Poznań / Poznań (wybory 2014/15)
Blog wyborczy: wy-04. W sprawie PEKI
[W sprawie PEKI; GW Poznań, 07-07-2013]

Żonie skończył się bilet miesięczny. Zdecydowała się wyrobić PEKĘ. Przebrnęła jakoś przez pięć stron idiotycznych wymagań (trzeba podać numer biustonosza i kołnierzyka). Już po 2 tygodniach dostała odpowiedź w stylu: za dwa tygodnie proszę odebrać osobiście...
Założenie konta żony w BGŻ trwało kwadrans bez konieczności podawania czegokolwiek - wystarcza przelew identyfikacyjny na dowolną kwotę. "Pełne" konto w inteligo założyłem wiele lat temu w kilka minut - kartę bankomatową i kartę kodów dostałem pocztą - jakoś można. Po dowód, paszport, czy głupią PEKĘ muszę przyjść osobiście po odczekaniu miesiąca czasu na nabranie przez dokument mocy prawnej.

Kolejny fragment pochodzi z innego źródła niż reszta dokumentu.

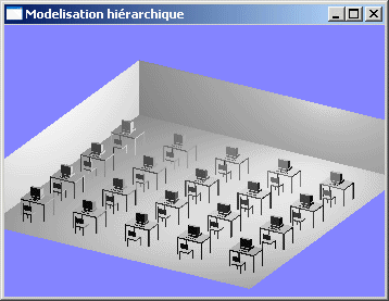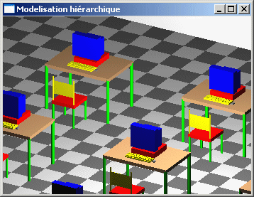 Il est recommandé d'effectuer le travail de modélisation par assemblage hiérarchisé. Exemple : Une salle de TP sera modélisée par des tables, des chaises et des ordinateurs. Une chaise sera modélisée par quatre pieds, une assise et un dossier. Une table sera modélisée par un plateau et quatre pieds. Un ordinateur sera modélisé par un clavier, une souris, une UC et un écran... Cette technique permet de réutiliser les objets si la primitive conçue pour chacun d'eux est correctement renseignée :

NIECH ŻYJE BIURWOKRACJA, lecz oby jak najkrócej - WYBORY MUNICYPALNE JUŻ W PRZYSZŁYM ROKU.
Aby "znormalizować" PEKĘ żelazobetonowy i pokryty teflonem zarząd ZTM musiałby przyznać się do błędu, co jest niemożliwe, gdyż są z definicji nieomylni, podobnie jak cała reszta tego towarzystwa wzajemnej adoracji, które tramwaj widzi zazwyczaj za oknami samochodu i jego punktualność i wygodę pasażerów ma w głębokim poważaniu. Niestety, zmienić to można dopiero podczas przyszłorocznych wyborów przez usunięcie Lecha Grobelnego (zmienił imię przekazując swoim ulubieńcom miejski stadion), vice Kruszyńskiego i wszystkich totufackich tej miejskiej kliki.